Specifying -name 'filename.sh' helped me avoid another issue that I could not solve. There was another file with .sh and that file ended without a newline character. sed for some reason, would add a newline character to the end, despite the 's/blah/blah/g' not matching anything in that file. So instead of figuring out that issue, I just told the find to ignore all other files.

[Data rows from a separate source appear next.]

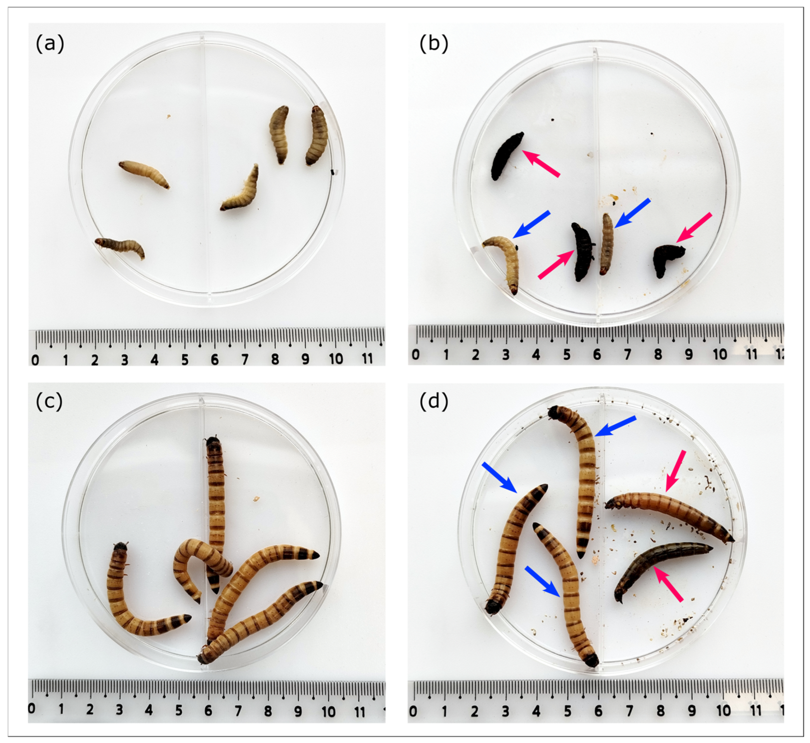 - Tsai, C.J.-Y.; Loh, J.M.S.; Proft, T. Galleria Mellonella Infection Models for the Study of Bacterial Diseases and for Antimicrobial Drug Testing. Virulence 2016, 7, 214–229. [Google Scholar] [CrossRef]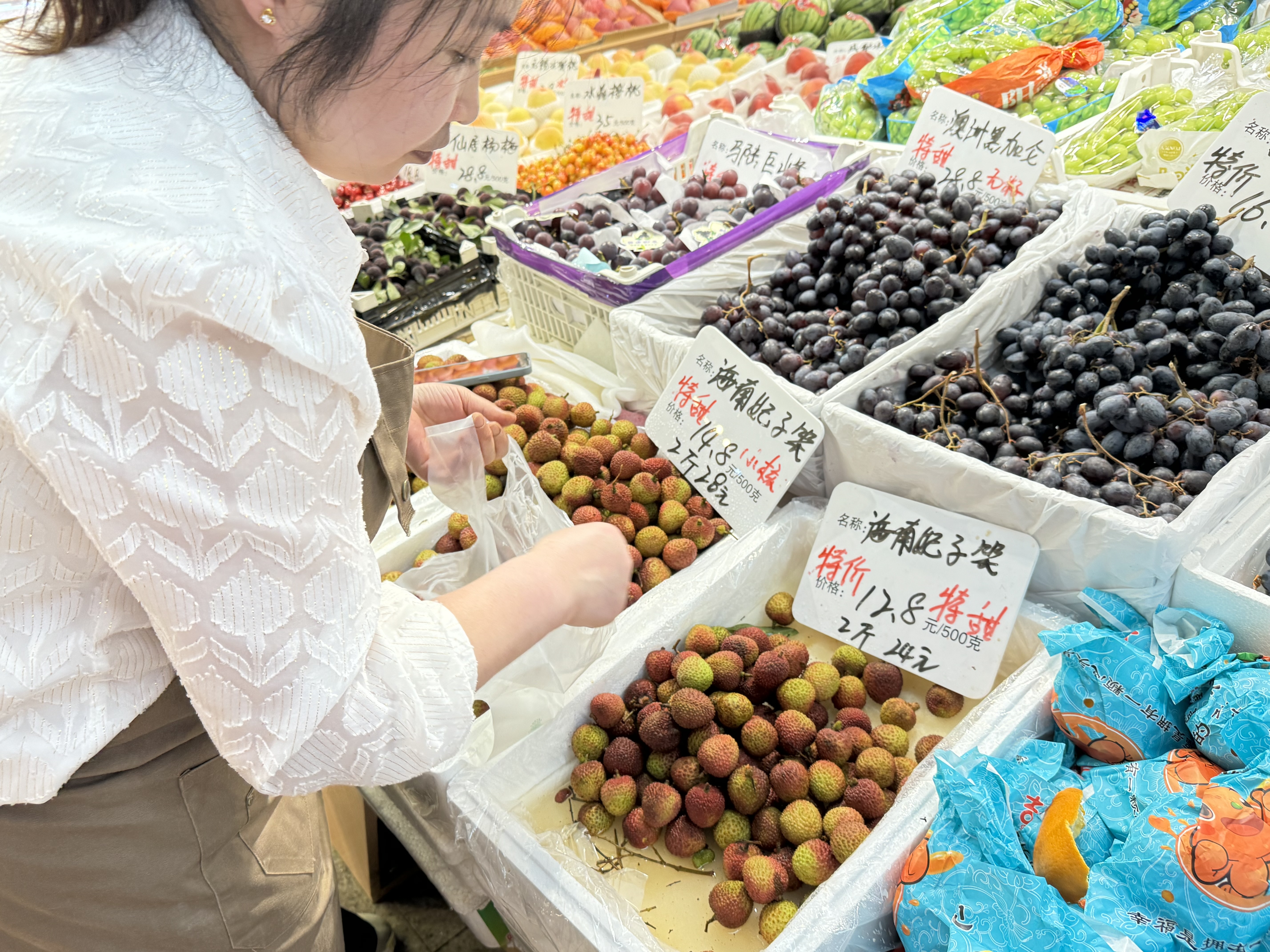 在另一家水果摊位,店员告诉记者,海南妃子笑荔枝上周初上市时单价超过了二十元,本周价格开始下滑,降至12.8-16.8元/斤,来到了销售高峰期。除了荔枝,南汇青皮绿肉甜瓜、仙居杨梅、东山枇杷、无锡水蜜桃等夏季水果近期也较受欢迎。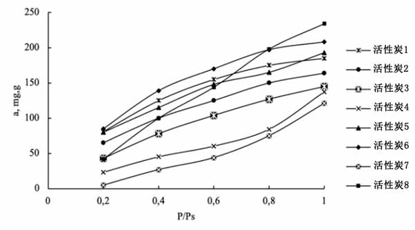 來自植物廢料的活性炭中,活性炭的K值表示吸附劑的吸收能力的最高值,活性炭2的最佳值是由于微孔體積大。表征煤與丁醇相互作用的能量的模型參數n是活性炭的最小參數。這對應于最凸的吸附等溫線(圖2),這有利于捕獲低濃度的丁醇蒸氣。就活性炭3而言,除活性炭4外,所有活性炭均優(yōu)于活性炭5,與活性炭2相當。根據極限飽和值,由圖1和圖2中的動力學曲線證明。如圖1所示,繪制了相應的吸附等溫線(圖2)。
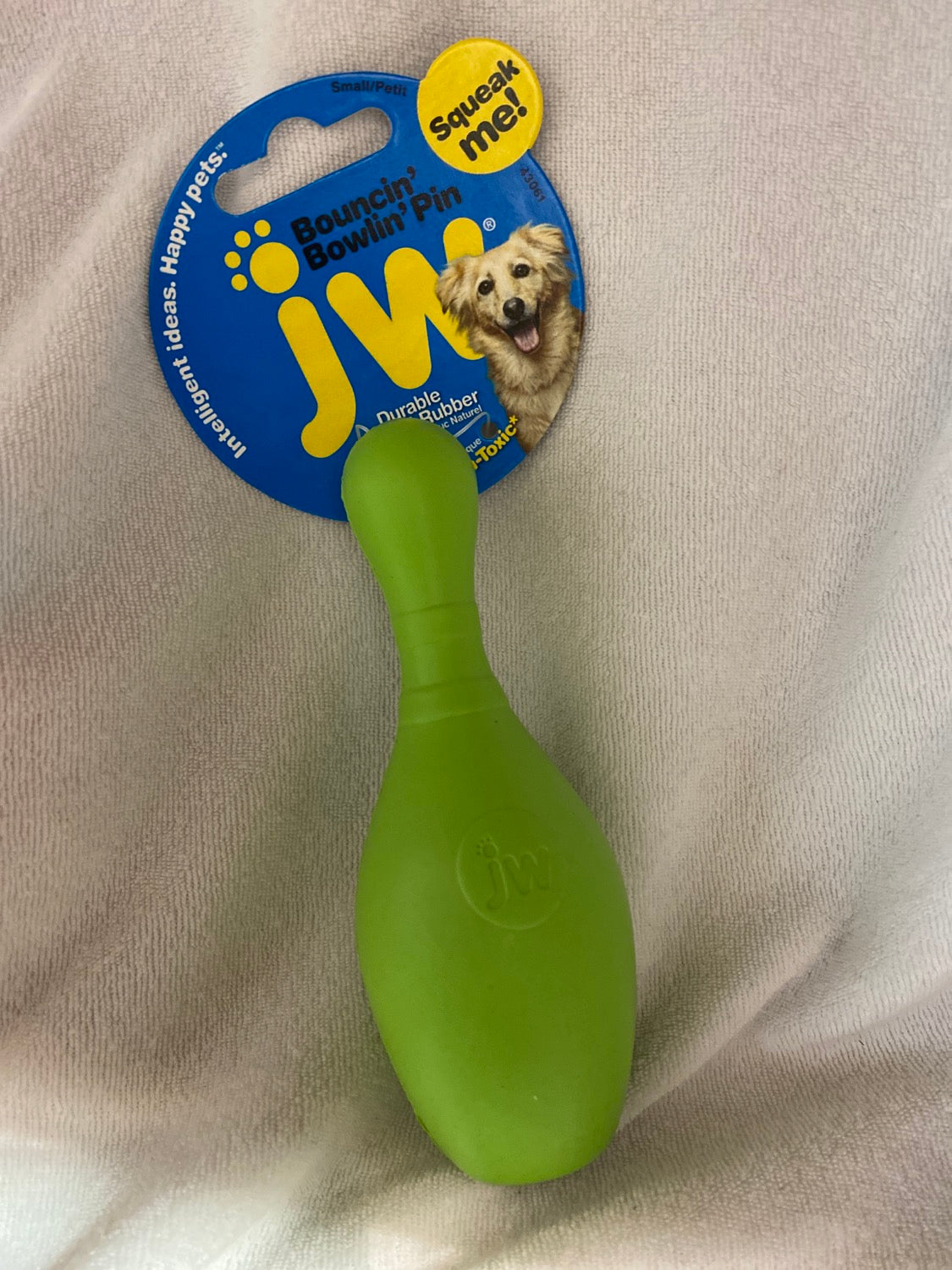 JW® Bouncin' Bowlin' Pin is an interactive rubber dog toy that squeaks. The Bouncin' Bowlin' Pin will provide fun and entertainment for your dog. Made of tough and durable rubber to withstand chewing and long-term play. Perfect for bouncing, flinging, and rolling and it squeaks! This familiar shape will be fun for both you and your dog. Great for dogs that love to chew and teething puppies. The bowling pin design fits easily into a dog's mouth for carrying. Easy to clean. Ready and waiting to be squeaked and played with, your dog is sure to STRIKE it big with these. Ships in assorted colors.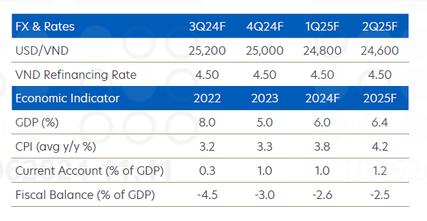 Trong khi những rủi ro bên ngoài tiếp tục đè nặng lên triển vọng kinh tế (bao gồm xung đột ở Đông Âu và Trung Đông), triển vọng của Việt Nam được củng cố nhờ sự phục hồi của nhu cầu chip bán dẫn, tăng trưởng ổn định ở Trung Quốc và khu vực, cũng như những sự dịch chuyển trong chuỗi cung ứng đang diễn ra. Dựa trên dữ liệu được công bố cho đến nay, UOB kỳ vọng tăng trưởng GDP sẽ tăng lên 6% so với cùng kỳ trong quý 2/2024, kéo dài mức tăng 5.66% trong quý 1/2024. UOB duy trì dự báo tăng trưởng của Việt Nam ở mức 6% cho năm 2024 (mục tiêu chính thức: 6.0-6.5%).
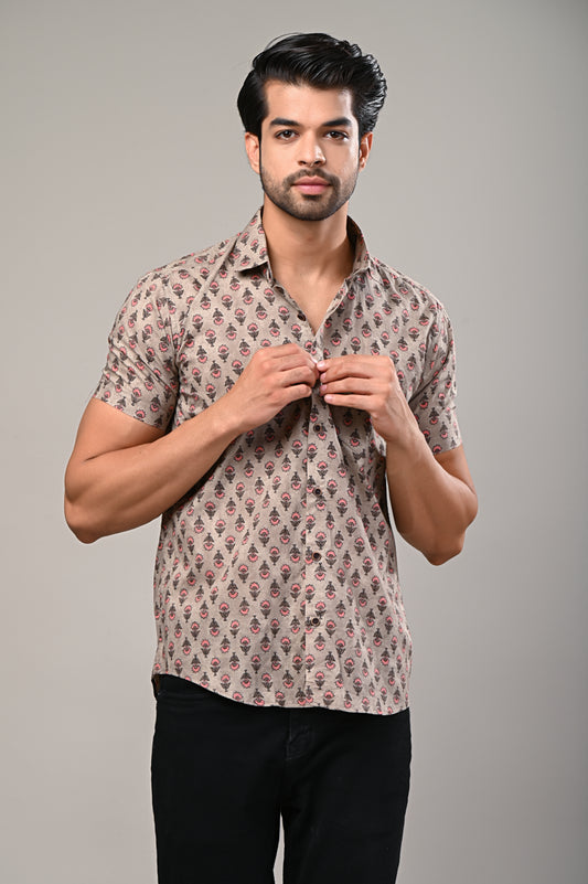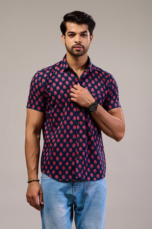 Rosewood Radiance Men’s Half Sleeve Printed Shirt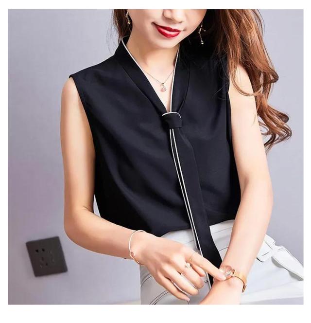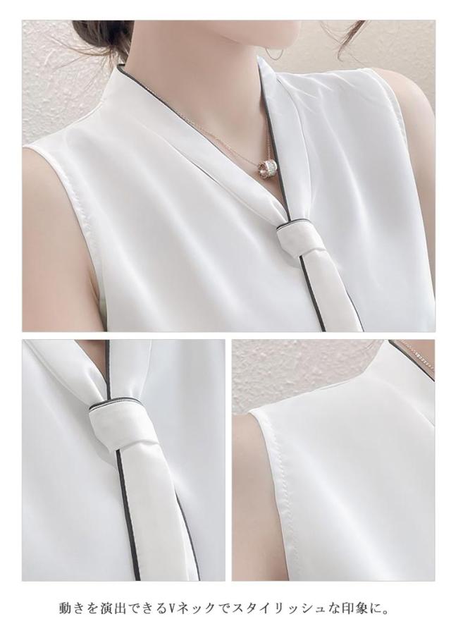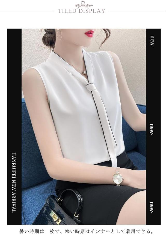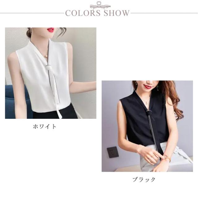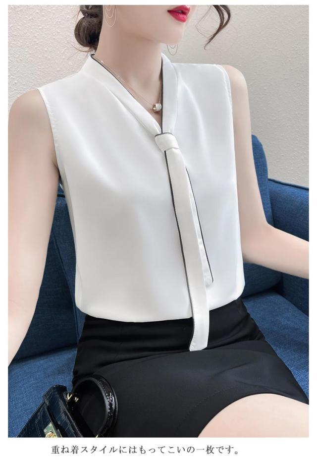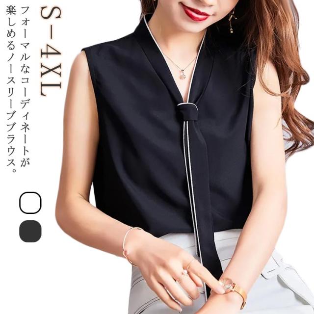Vネック ブラウス ノースリーブ レディース ボウタイ インナー トップス ノースリーブブラウス フォマール シンプル 無地 春夏 通勤 OL ブラック ホワイト S M L XL 2XL 3XL 4XL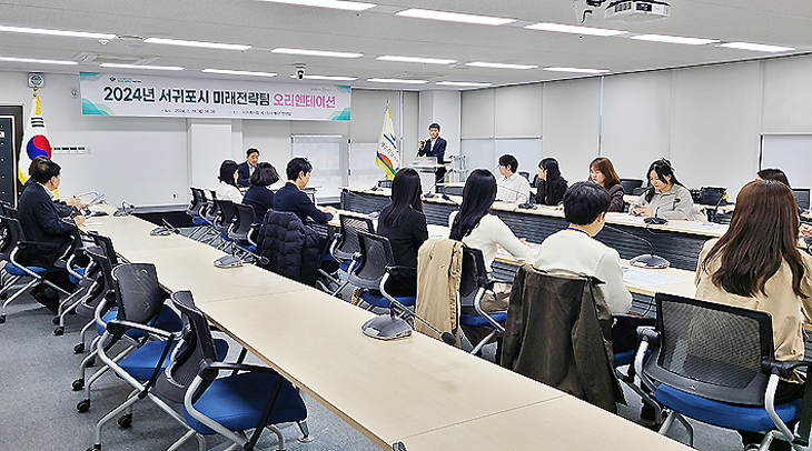 서귀포시는 지난달 28일 7·8·9급의 젊은 공직자를 중심으로 구성된 시책 개발 동아리인 '미래전략팀' 오리엔테이션을 열고 2024년 시책 개발 활동을 시작했다.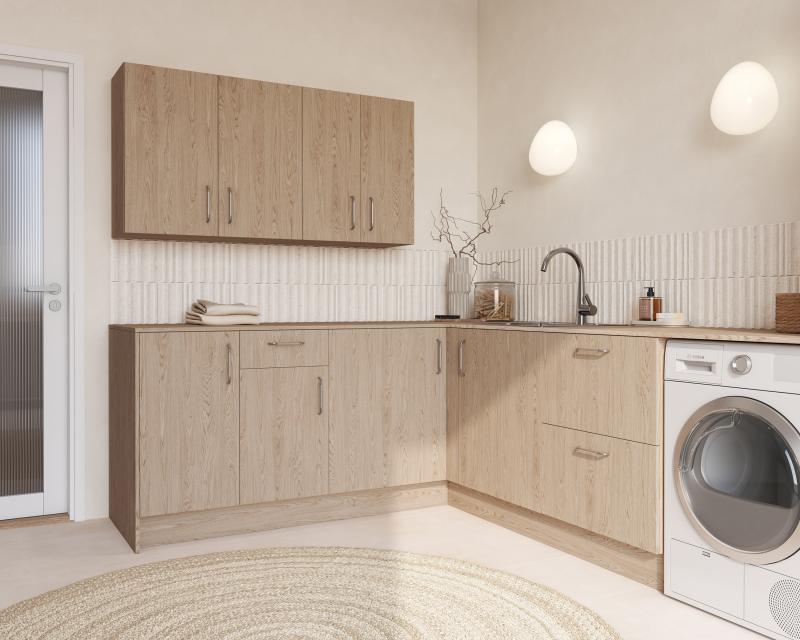 Hjørneløsning Eik natur med Eik natur benkeplate, bøyle Helix rustfritt stål, overskap, sokkel og dekksider til maskin. Tilgjengelig i flere farger og sammensetninger. Pris eks. vaskekum.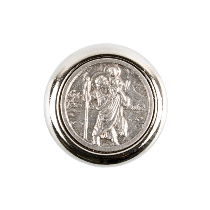 Plaque auto de saint Christophe Ø 3 cm en métal couleur argentée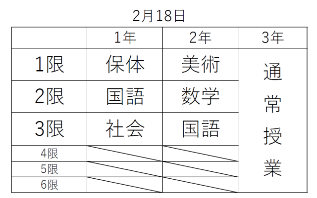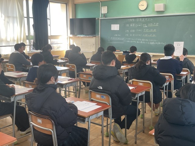 1・2年生は、今日から3日間、学年末テストを実施します。

指定 -name 'filename.sh' 帮助我避免了另一个我无法解决的问题。还有另一个带有 .sh 的文件,该文件没有换行符结束。sed 出于某种原因,会在末尾添加一个换行符,尽管 's/blah/blah/g' 与该文件中的任何内容都不匹配。因此,我没有弄清楚这个问题,而是告诉 find 忽略所有其他文件。

Additional commands that work

其他有效的命令

Additionally, I found these commands to work in the findsed.sh file (only one command at a time, not multple, so comment # the others out):

此外,我发现这些命令可以在 findsed.sh 文件中使用(一次只能执行一个命令,而不是多个命令,因此将其他命令注释掉):

find . -name '.publishNewZenPackFromGithub.sh.swp' -exec rm -f {} \;
find . -name '*' -exec grep -H PassToRemove {} \;

Enjoy!

享受!

回答by Ben Hymanson

Could be a shell expansion issue. If filter-branch is losing the quotes around "*.php"by the time it evaluates the command, it may be expanding to nothing, thus git ls-files -zlisting all files.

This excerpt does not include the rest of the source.